All research houses pride themselves in having analysts who are independent and therefore consider that their research is independent. We obviously have a different view on the matter. In our opinion, independent research is all about conflict of interest and where the payment originates. Is the research provider paid by the asset manager / asset owner or is it paid by the issuer through ECM, DCM, corporate services, banking activities... The less the buy side paid for research, the more equity research has been driven by cross subsidization with corporates footing the bill. Back in March 22, the FCA exempted from research dissemination restriction equity research from firms that were not a subsidiary of an investment bank or had any execution services. As a rule of thumb, if your broker/ research provider has a strong investment banking division or offers corporate services (roadshows, corporate brokerage, financing…), it should be deemed non-independent.
Benefits of independent research
Investment banking/ brokers’ research is most of the time of high quality, but independent equity research brings two key benefits that brokers just cannot provide: absence of buyer bias and continuity of research. Because they don’t need to cuddle up to issuers in order to preserve the bank’s relationship for the next M&A or refinancing deal, independent analysts can truly express their view, be that on valuation, governance or strategy. Believe it or not, this translates into far more negative ratings for independent research than for the traditional sell-side.

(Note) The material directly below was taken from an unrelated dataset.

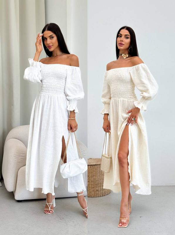 Нежное хлопковое платье 🕊 Модель 7030 ▫Ткань: лен-муслин, хлопок 100% ▫Размерный ряд: 42-46, 48-52 ▫Цвета: беж и молоко ФОТО РЕАЛ Идеальное легкое платье на резиночке, с разрезом на ноге🥰 Идеально подойдет под любую обувь, очень легкая и удобная 💌 Можно носить с закрытым и вскрытым плечом🌸 Под загоревшие ножки - именно то 🌞

And because an independent research company is never involved in M&A, its research is never suspended. When a deal occurs, it sometimes happens that many, many, many banks are involved (lead and joint lead bookrunner, co-lead arranger or joint bookrunner, co-manager, senior or junior members….). And because the bank is involved, the analyst is restricted. Clients can therefore no longer have access to the analyst at the very moment when his expertise would be most needed. This just doesn’t happen with independent research, which is a clear benefit for market integrity. In all, we very much welcome the decision by the FCA to provide a CSA-like option in order to boost investment research and enhance market integrity. And we believe the transparency between research paid to potentially conflicted research and independent research is very much needed. We hope that ESMA and the NCAs (and AMF in the first place) will soon take similar decisions to create an environment where investment research and especially independent investment research can thrive.